NOTE 6 - COMMITMENTS AND CONTINGENCIES
The Company is involved in various litigation primarily arising
in the normal course of its business. In the opinion of
management, the Company's liability, if any, under such pending
litigation would not have a material adverse impact upon the
Company's consolidated financial condition or results of
operations.
Item 2. MANAGEMENT'S DISCUSSION AND ANALYSIS OF FINANCIAL
CONDITION AND RESULTS OF OPERATIONS
Results of Operations
- - ---------------------
On a quarter-to-quarter basis, the Company's financial results
have varied widely, and will continue to vary, due to seasonal
fluctuations and market factors affecting the demand for logs,
lumber and other wood products. The industry is subject to
fluctuations in sales and earnings due to such factors as industry
production in relation to product demand and variations in interest
rates and housing starts. Currency fluctuations affect the forest
products industry when exchange rates spur log exports and drive up
domestic log prices, and when a relatively strong U.S. Dollar
encourages lumber imports from other countries.
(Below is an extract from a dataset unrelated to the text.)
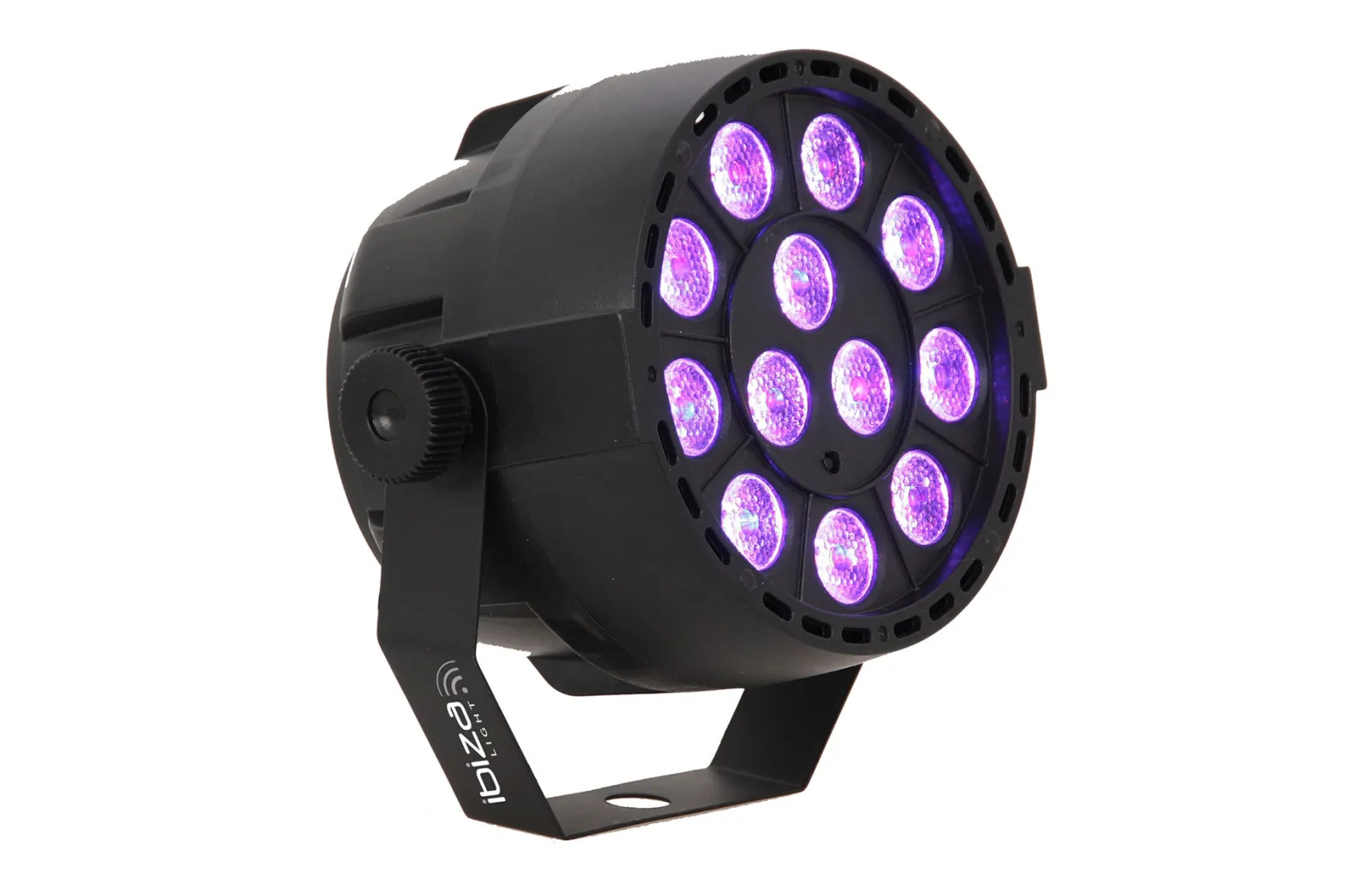 Ibiza PAR-MINI-UV, φωτιστικό UV par με 12 UV LEDs των 2W το καθένα με βραχίονα για εύκολη εγκατάσταση που διαθέτει dimmer και strobe λειτουργία.

The industry is also affected by weather conditions and changing
timber management policies. Fire danger and excessively dry or wet
conditions temporarily reduce logging activity and may increase
open market log prices. Timber management policies of various
governmental agencies change from time to time, causing actual or
feared shortages in some areas periodically. These policies change
because of environmental concerns, public agency budget issues, and
a variety of other reasons. Therefore, past results for any given
year or quarter are not necessarily indicative of future results.
It is generally the Company's practice to curtail production at
facilities from time to time due to conditions which temporarily
impair log flow, or when imbalances between log costs and product
prices cause the cost of operation to exceed the cost of shutdown.
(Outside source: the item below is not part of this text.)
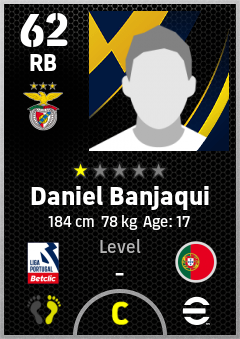 . Daniel Banjaqui is a Right Back footballer from Portugal who plays for Sl Benfica in eFootball 2026.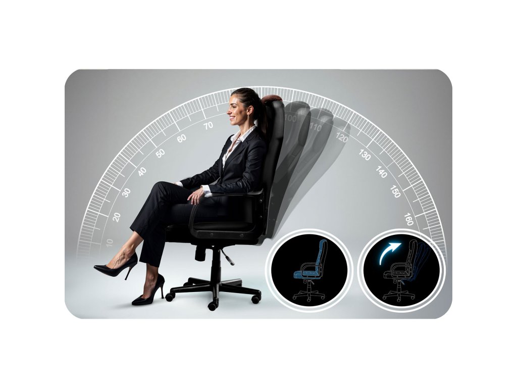 Tot ce trebuie să faci este să înclini ușor spătarul pentru a ușura vertebrele, a relaxa mușchii și a acumula din nou energie – chiar și în timpul unei zile lungi la birou!

Management believes its labor practices and compensation systems,
as well as a relatively low capital cost in relation to production
capacity, give it the flexibility to efficiently curtail operations
and resume production as conditions warrant.
Raw materials comprise the majority of the cost of products sold
by the Company. The Company depends principally on open market log
purchases for its raw materials needs. WTD's log inventory policy
is to maintain, where possible, a supply equal to three to four
weeks of production.
In the last three years, lumber prices rose sharply during the
winter and spring months in anticipation of the coming building
season. However, prices then fell as the building season actually
commenced. During the first half of calendar 1994, prices declined
steadily from peaks reached in December 1993. Log prices did not
decline as quickly as lumber prices during this period, resulting
in lower gross margins.
Log prices, while very high by historical standards, generally
allow a gross profit margin at current lumber prices. However,
there can be no assurance that the margins recently experienced by
the Company will continue or improve.
The following table sets forth the percentages which certain
expenses and income items bear to net sales, and the period-to-
period percentage change in each item.
<TABLE> Percentage
<CAPTION>
Income and Expense Items as a Percentage of Net Sales Increase (Decrease)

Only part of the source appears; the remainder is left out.